事后,我的舰长说:“我还以为你们要压死我。”

说那话时死啦死啦的表情很严肃,但鉴于他总是严肃着开玩笑,开玩笑般地定生死,我不知道他说那话的真实意图。

扯远了。

总之,“不速之客”自我介绍,说他是总部派来营救我们的新舰长,“祭旗坡”号将由他掌管。

这种鬼话没有人信——但我们还是信了。因为他该死的会修发动机。

 

回到地球,死啦死啦的鬼话就被揭穿了。和我们想的一样,他根本就不是舰长,按他以前的资历,他最多只在舰艇上擦洗过方向盘。而我们竟然让他掌舵,感谢自动驾驶,我们终于安然返回。

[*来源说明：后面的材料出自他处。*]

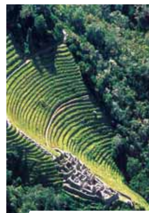
Senovinės terasos, Peru
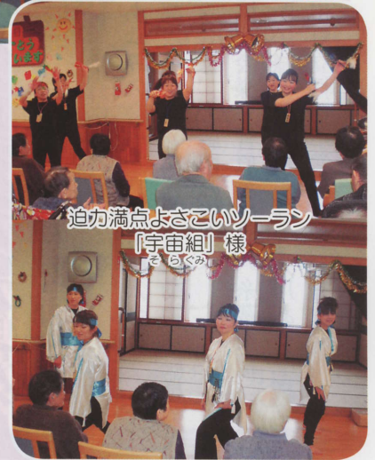
迫力満点よさこいソーラン 「宇宙組」様 （もぐり組）
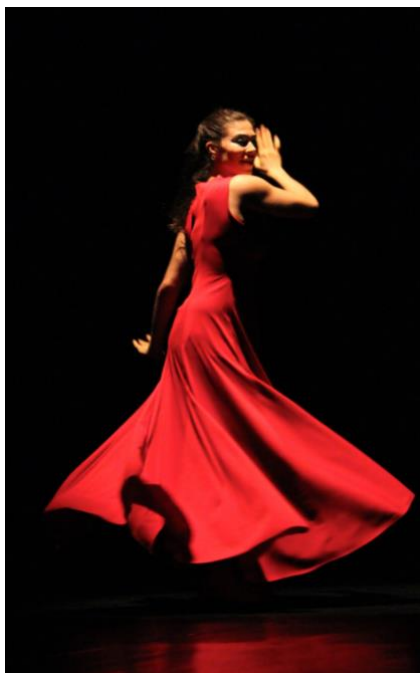
Fig. 16 - Frágil, Ideias de teto. Clara Trigo (2009)

Audiodescrição da imagem: Foto colorida, fundo preto. Mulher branca com vestido comprido vermelho gira.

在军事法庭上,死啦死啦承认,他叫龙文章,半个月前随另一舰队出发,中途迫降到TRAPPIST-1,饥寒交迫死了几乎全舰队的人,只有他活了下来,等待救援抑或死去。

最后他等来了我们。

按正常审判流程,该让死啦死啦去死啦。

但当天不是个正常的日子。

具体而言,当天联合国宣布了“面壁计划”。

 

宣布审判结果前,紧闭的法庭大门忽然打开。

我们,“祭旗坡”号上侥幸存活下来的人,作为陪审都呆在法庭里,听到响动纷纷回头看去。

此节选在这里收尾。